We will do everything possible to prevent cyber-attacks, but the new normal is assumption of breach. That is, we assume that an attacker is already insider our network with the potential to do harm. How well I can detect, limit, and contain that attacker is really the measure of my cybersecurity readiness.

 

Also, if you are completely putting your trust in those large SaaS providers with no additional checks & balances of your own, you are definitely at risk. Let’s take the recent SolarWinds breach as an example. SolarWinds is a network health and status monitoring tool used by 30,000 companies. An Advanced Persistent Threat (APT) – i.e., likely a nation-state backed group – attacked the software build process of SolarWinds itself to embed a Trojan Horse in SolarWinds Orion software updates, thereby enabling them to create covert channels and steal data from SolarWinds customers. The software was “signed” (i.e., cryptographically “guaranteed” by SolarWinds) and assumed to be trusted – but unfortunately it could not be.

 

Again, the only solution to this issue was to have continuous monitoring in place. Because even if you thought you had trusted software in your environment, if it started doing “naughty” things, you could detect and contain these.

 

The image below represents the MITRE ATT&CK Framework, which is a study of our adversaries’ tool, techniques, and practices. We have learned over time that all of these attackers follow a basic pattern of surveillance, gaining a foothold (through phishing, remote access misconfiguration, or other vulnerable services that are public-facing to the Internet), pivoting into other systems, escalating privileges, establishing external command & control, stealing data, encrypting files, charging a ransom, etc. If through SIEM/SOC/Continuous monitoring, we can detect any of these activities, then we can stop the incident before it becomes a critical breach resulting in financial loss, reputation hit, and so forth.

 

 

To conclude, I will mention this: having the SIEM/SOC/Continuous monitoring and incident response capability could be daunting and expensive.

 

For example, say a mid-sized enterprise were to run its own security operations center internally, it would (minimally) need the following:

·      SIEM solution at $36,000

·      Additional monitoring infrastructure (servers, cloud, VMs, monitors, etc.) at $20,000.
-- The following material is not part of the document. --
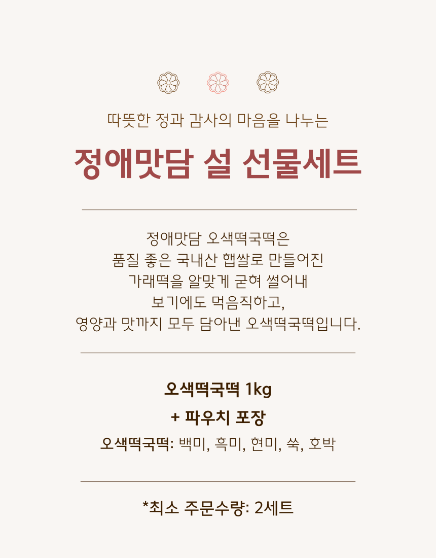 ex ) 오색떡국 2개 주문원할시

·      SOC Manager - $100,000 annual salary

·      SOC Analysts - 3 (1 per shift) x $60,000 annual = $180,000

TOTAL: $336,000 annual

Note: These are very conservative estimates. You would also need to outlay $56K of capital at the outset… and we’ll assume your analysts never get any vacation time.

 

On the other hand, you can hire an outsourced provider to do this service at roughly $10K per month, which is about one-third the price of running your own SOC.